▸ Exercise directions: Leave out the pictures, and write out exactly the lines from the beginning of the material to the line holding "Брюки  выполнены из", that line included, and nothing else.

▸ Data supplied:
***

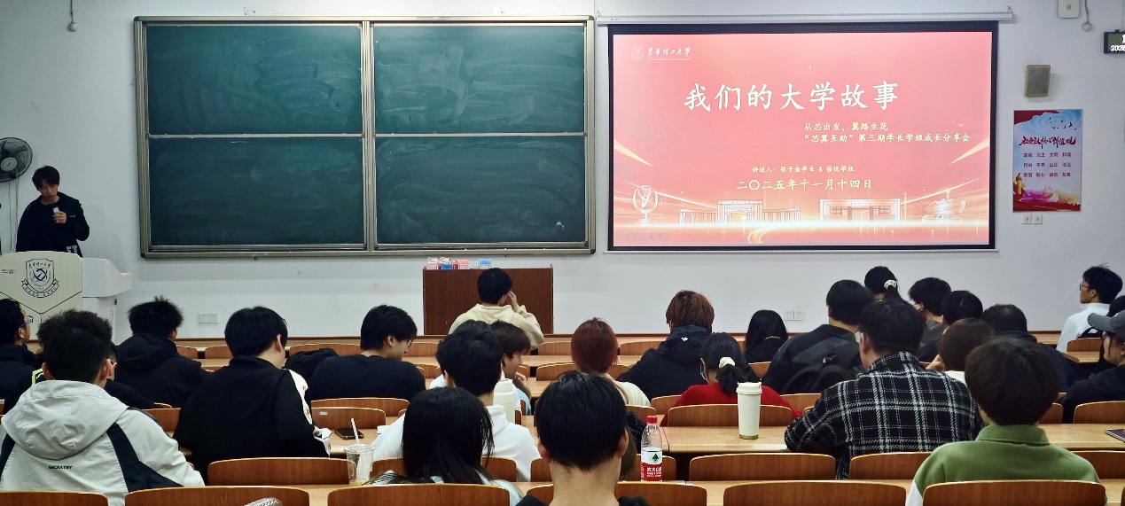 11月14日晚,“芯”翼互助第三期——“我们的大学故事”主题分享会在3号教学楼阶10与阶13教室同步举行。本次活动邀请2022级张子金、徐悦两位同学作为主讲嘉宾,围绕学业规划、竞赛科研、职业发展及个人成长等话题,与在场同学展开深入交流。
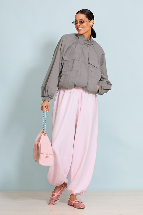Брюки  выполнены из премиального трикотажного полотна.  Брюки  свободного кроя, пояс  на резинке. Карманы в  боковых швах.   Передние и задние половинки брюк  с дополнительными выточками по низу. Низ брюк на резинке. Сзади прорезной карман-обманка.  По поясу вставлен декоративный шнурок.
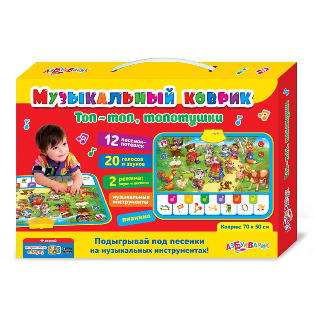 Азбукварик представляет новое направление игрушек – музыкальные коврики! Коврик «Топ-топ, топотушки» разработан специально для малышей. В нем собраны лучшие песенки-потешки, которые поют весёлые зверюшки: «Сорока-белобока», «Петушок», «Ладушки», «Идёт коза рогатая», «Раным-рано поутру», «Топ-топ, топотушки», «Мишка косолапый», «Кошкин дом», «Заинька, попляши!», «Два весёлых гуся», «Тень-тень, потетень», «Сидит белка на тележке».
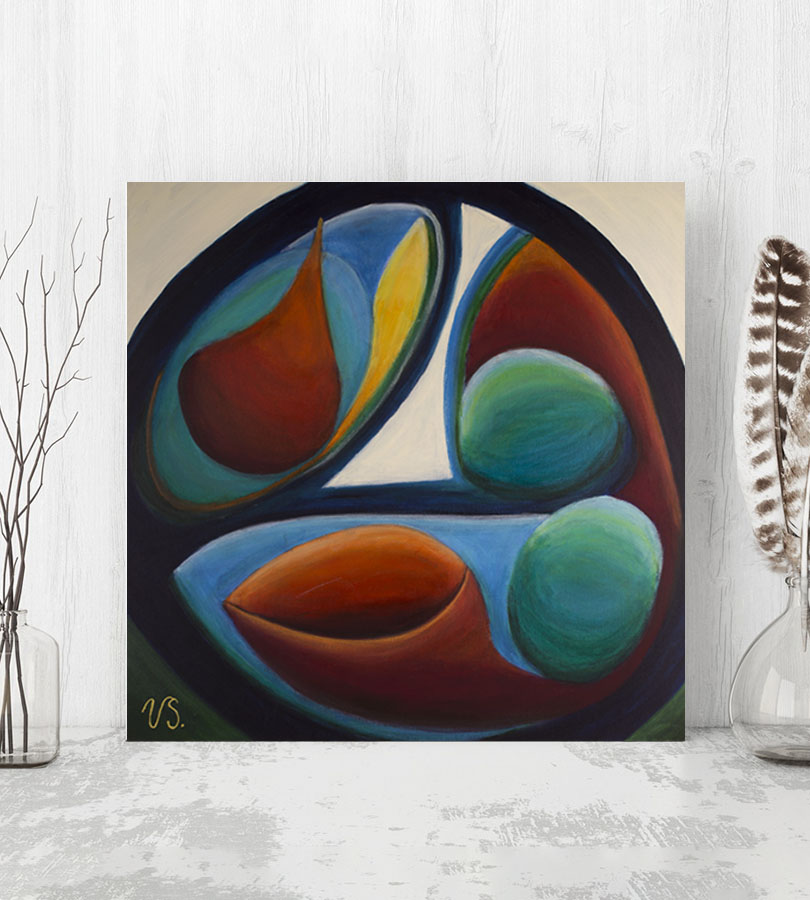 Akryl på lærred med 4 cm dybde, hvor maleriet fortsætter på kanten. Motivet er inspiretet af en organisk indre hule, hvor nyt liv og kraft opstår.
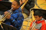 Ben Fowler teaches flutes, Matt Simmons teaches woodwinds, and Jane Lin teaches percussion and also is the music teacher at Crystal Springs Elementary. The section which I teach is Brass Instruments (trumpets and trombones). It is the largest group in the band—25 trumpeters and 5 trombonists—one of the best at this stage of the school year that I’ve taught in 7 years.

***

▸ Written reply:
 11月14日晚,“芯”翼互助第三期——“我们的大学故事”主题分享会在3号教学楼阶10与阶13教室同步举行。本次活动邀请2022级张子金、徐悦两位同学作为主讲嘉宾,围绕学业规划、竞赛科研、职业发展及个人成长等话题,与在场同学展开深入交流。
Брюки  выполнены из премиального трикотажного полотна.  Брюки  свободного кроя, пояс  на резинке. Карманы в  боковых швах.   Передние и задние половинки брюк  с дополнительными выточками по низу. Низ брюк на резинке. Сзади прорезной карман-обманка.  По поясу вставлен декоративный шнурок.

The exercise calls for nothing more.